Newly sworn-in Chief Justice (CJ) Sophia Akuffo has promised to pursue measures which will protect the integrity of the judiciary in order to shore up its image.
Some 34 superior court judges were caught on camera taking bribes and extorting money from litigants in an investigative report by investigative journalist Anas Aremeyaw Anas in 2015.
Over 100 officials of the Judicial Service were also cited in the expose that took more than two years to execute.
Ace journalist, Anas Aremeyaw Anas stealthily videotaped and recorded conversations with some of the judges after he posed as an agent of a suspect who was standing trial.
Some high profile judges including, Justice John Ajet-Nassam, a High Court Judge, who freed Alfred Agbesi Woyome in the controversial Gh¢51 million judgment debt scandal, were among those cited in the corruption scandal.
The investigative piece titled ‘Ghana in the Eyes of God – Epic of Injustice’, caused the dismissal and sanctioning of some of those involved by the judiciary.
Giving remarks after her swearing in as the country's 13 Chief Justice at the State House in Accra Monday, Justice Akuffo said she will continue with reforms initiated by her predecessor, Justice Georgina Theodora Wood to improve on the integrity of the judiciary.
Regarding purging the image of the judiciary which has never been the same after the Anas expose, Justice Akufo who spoke about her passion for integrity in the judiciary emphasized on her desire to ensure delivery of quality justice, development and stability of the country and will strive to demonstrate that throughout her tenure.
"In doing this I will count on the support and cooperation of the other arms of government...the judiciary has diligently worked for and attained a large measure of independence. This will is, however, made incomplete by the lack of financial independence," she observed.
She said this is one of the objectives she would like to achieve during her tenure.
"The vetting process brought into perspective several matters about the judiciary which the good people of Ghana has concerns.
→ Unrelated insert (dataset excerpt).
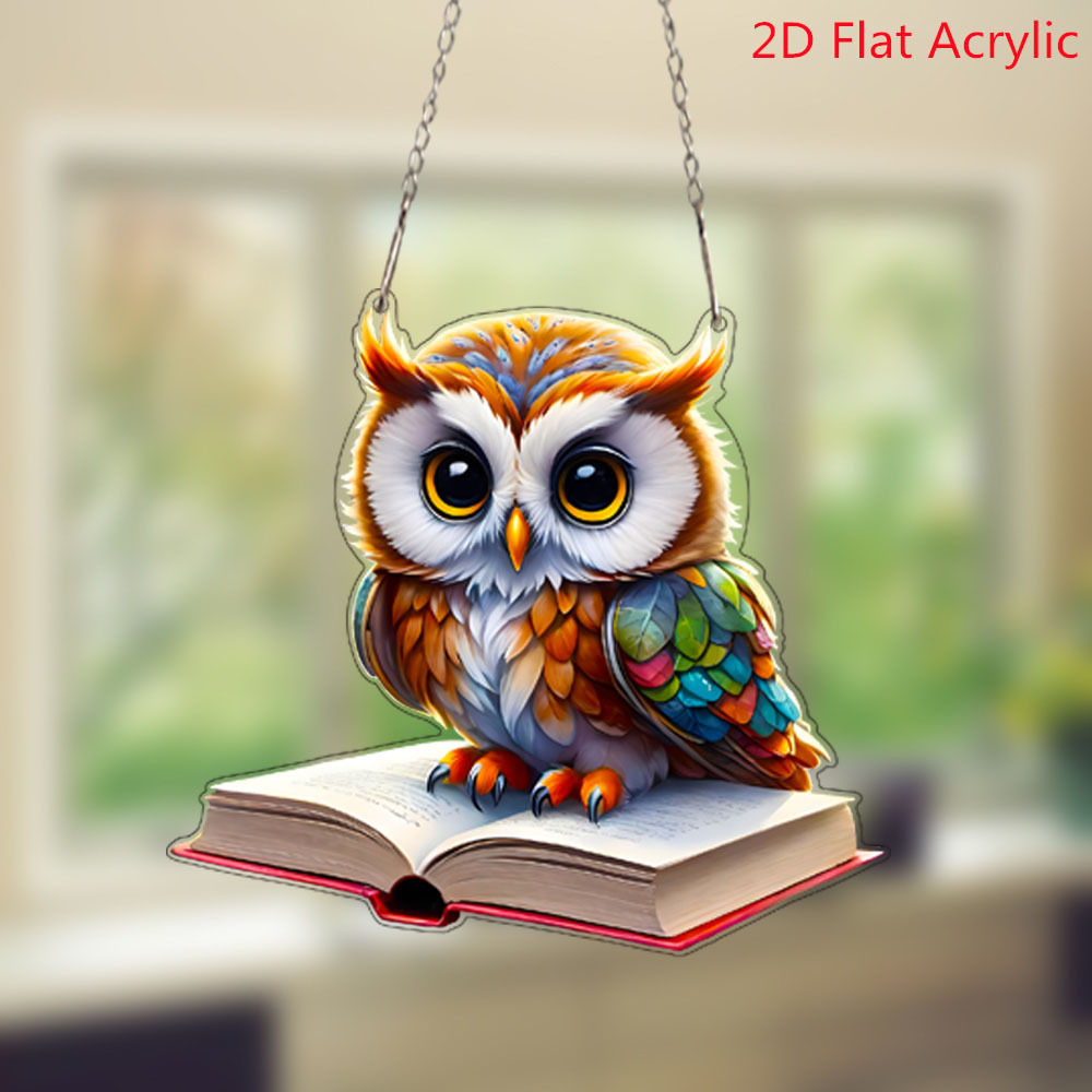跨境卡通可爱小鸟亚克力窗户门挂艺术节日场景装饰挂件看书的动物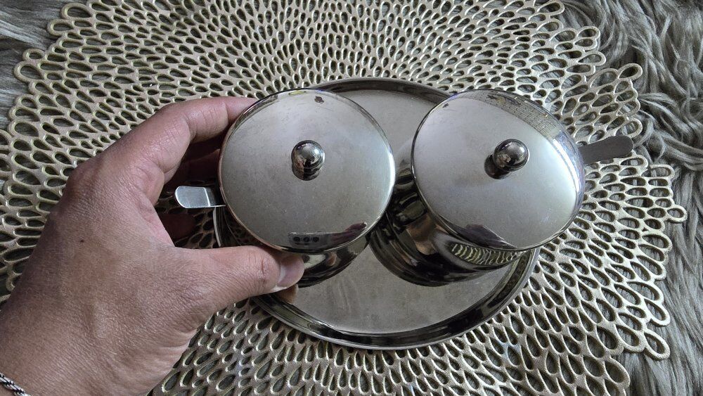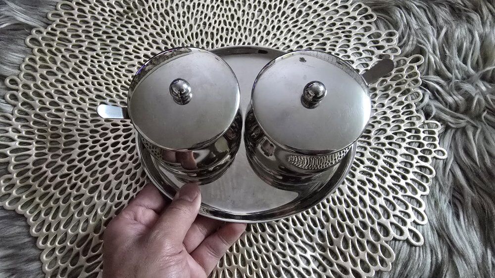 2 Grids Stainless Steel Seasoning Containers Set with Lid Spoon and Tray.

These includes; the integrity of the judiciary, political and other influences on the judiciary, conditions of service of judges and magistrates, the infrastructure of the judiciary service i.e courtrooms and residences.
"Delays in justice delivery, loss of confidence, the justice system and other related issues of mob action, the conduct of the members of the Bar, legal education in Ghana. These are major issues I would address," he said.
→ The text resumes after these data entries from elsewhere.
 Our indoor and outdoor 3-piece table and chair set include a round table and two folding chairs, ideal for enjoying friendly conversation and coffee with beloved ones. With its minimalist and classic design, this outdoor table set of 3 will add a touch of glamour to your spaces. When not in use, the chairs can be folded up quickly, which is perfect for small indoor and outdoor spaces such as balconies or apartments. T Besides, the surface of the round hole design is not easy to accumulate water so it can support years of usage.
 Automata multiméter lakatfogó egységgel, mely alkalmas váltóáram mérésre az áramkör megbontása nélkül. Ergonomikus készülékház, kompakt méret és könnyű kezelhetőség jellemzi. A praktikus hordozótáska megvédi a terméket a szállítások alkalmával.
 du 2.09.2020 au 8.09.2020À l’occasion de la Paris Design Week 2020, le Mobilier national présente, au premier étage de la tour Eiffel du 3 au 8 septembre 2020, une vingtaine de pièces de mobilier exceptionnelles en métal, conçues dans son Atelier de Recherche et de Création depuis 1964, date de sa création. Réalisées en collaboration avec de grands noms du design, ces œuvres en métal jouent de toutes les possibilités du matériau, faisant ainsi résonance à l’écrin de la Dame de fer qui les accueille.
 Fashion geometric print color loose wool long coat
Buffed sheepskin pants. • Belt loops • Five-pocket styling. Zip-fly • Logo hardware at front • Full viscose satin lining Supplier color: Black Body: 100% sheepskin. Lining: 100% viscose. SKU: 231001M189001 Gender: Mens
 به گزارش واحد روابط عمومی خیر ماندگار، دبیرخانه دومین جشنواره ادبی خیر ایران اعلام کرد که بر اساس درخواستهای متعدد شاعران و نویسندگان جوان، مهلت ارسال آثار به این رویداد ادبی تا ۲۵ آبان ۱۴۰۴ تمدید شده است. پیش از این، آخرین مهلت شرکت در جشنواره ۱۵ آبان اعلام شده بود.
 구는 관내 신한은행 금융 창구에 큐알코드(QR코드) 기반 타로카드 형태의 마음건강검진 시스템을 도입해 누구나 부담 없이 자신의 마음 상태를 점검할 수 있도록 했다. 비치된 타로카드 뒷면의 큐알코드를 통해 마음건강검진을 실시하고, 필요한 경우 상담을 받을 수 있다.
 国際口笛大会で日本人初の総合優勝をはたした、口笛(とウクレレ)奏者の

She called for the support of all citizens and institutions in the country.
The second female CJ of the country noted a breakdown of the judicial system would signal mayhem in the country, if steps are not taken to improve the confidence of the citizens in the judiciary.
The Supreme Court Judge used the opportunity to thank the country's three former presidents for their numerous contributions, which have helped deepen democracy.
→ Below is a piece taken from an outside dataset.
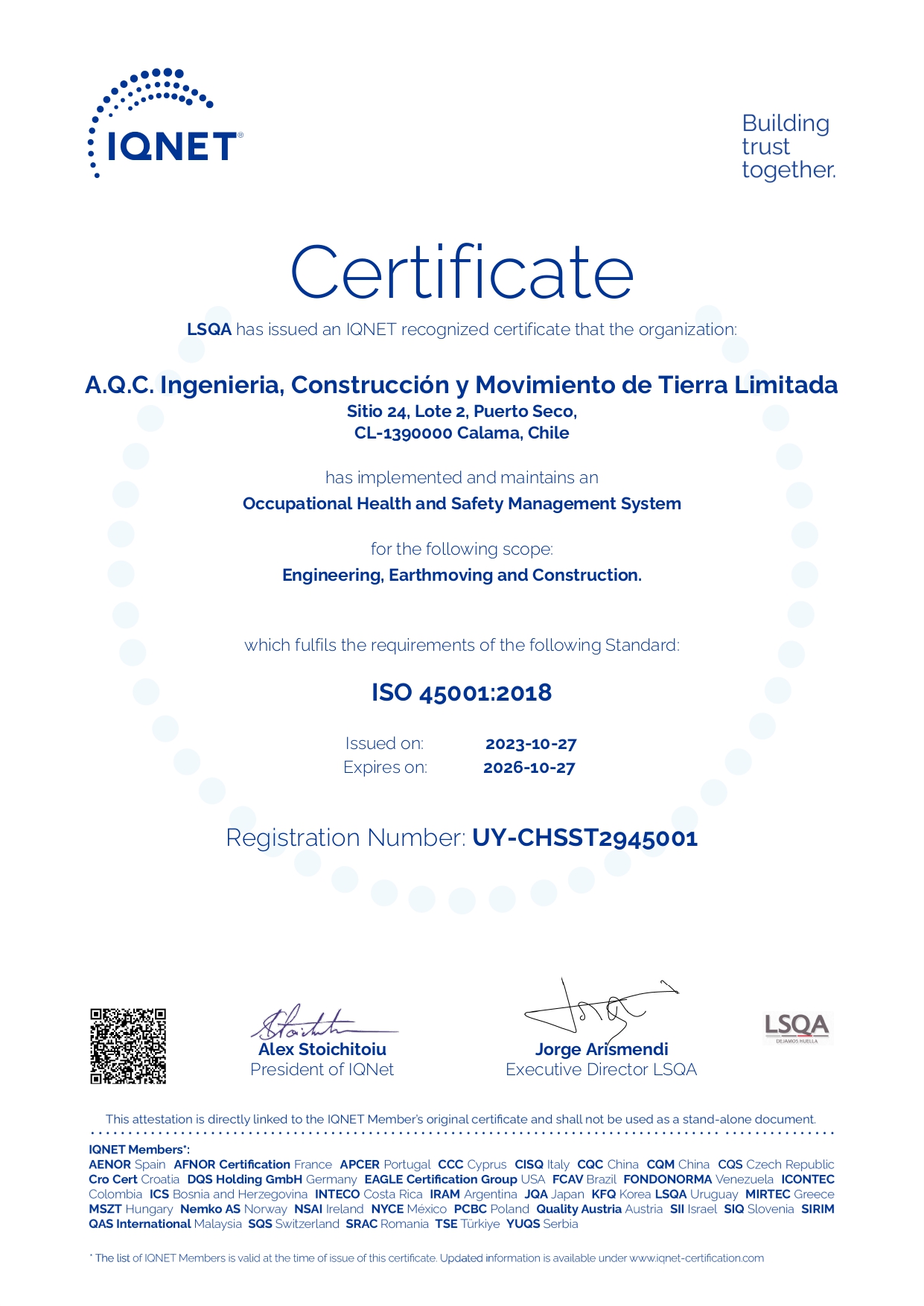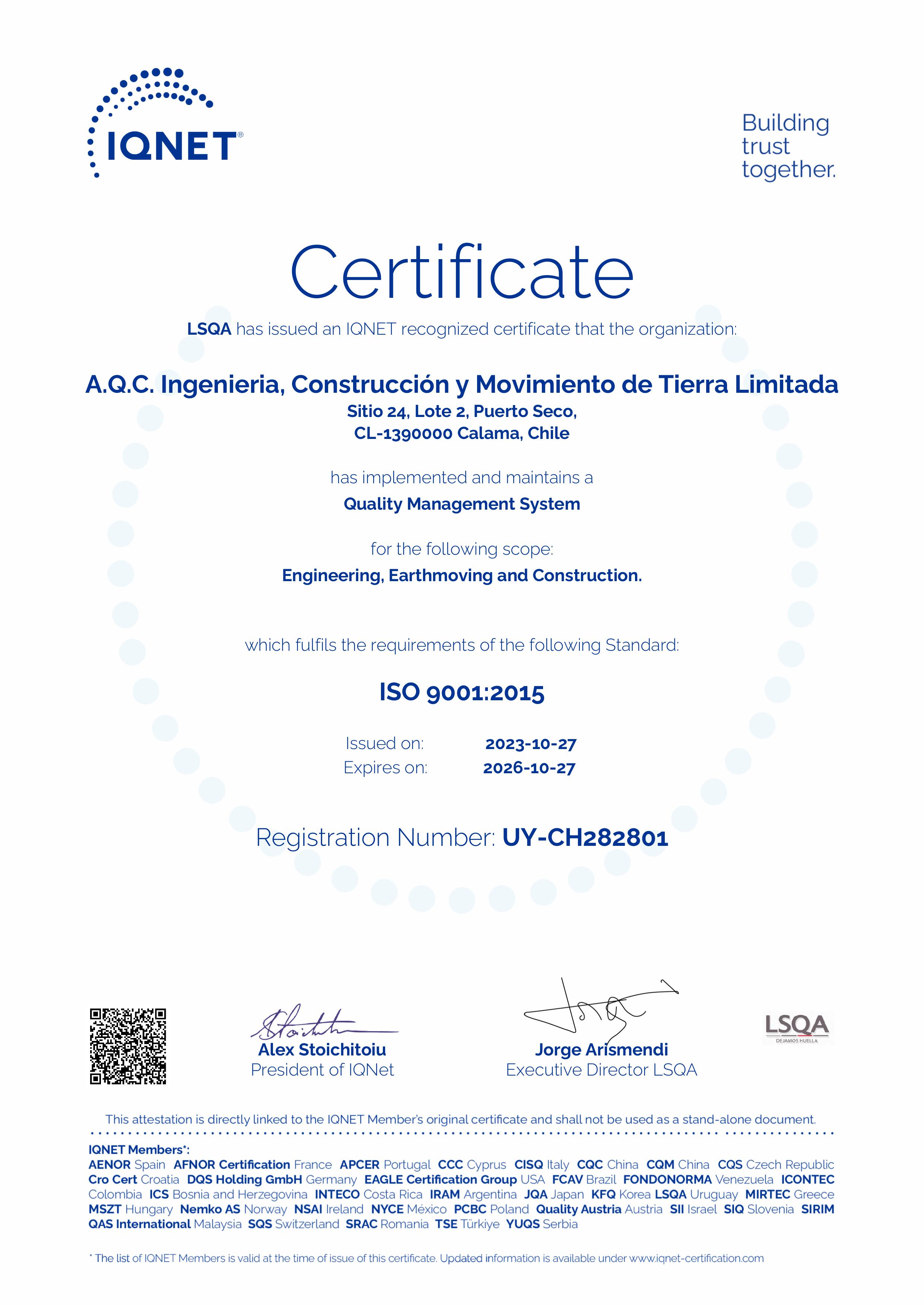 AQC opera bajo un Sistema de Gestión Integrado certificado según ISO 9001, ISO 14001 e ISO 45001:

She showered praises on former President Jerry John Rawlings for believing in her which saw her appointment as a Supreme Court judge. “At a time when I have not conceived or envisaged a life on the bench. He might have seen in me some I was yet to see,” she said.
The 67-year-old judge also thanked ex-president John Agyekum Kufour for nominating her to serve on the African Court on Human and Peoples' Rights where she helped to resolve some of the human rights cases in the continent.
Thanks to the efforts and support of the immediate past president, John Dramani Mahama, she spoke of how he made her time as President of the African Court a success, with the numerous supports when he chaired the African Union.
She also thanked President Nana Addo Dankwa Akufo-Addo for considering her for the office of CJ as well as acknowledging the enormous role the Council of State and Parliament played in her appointment.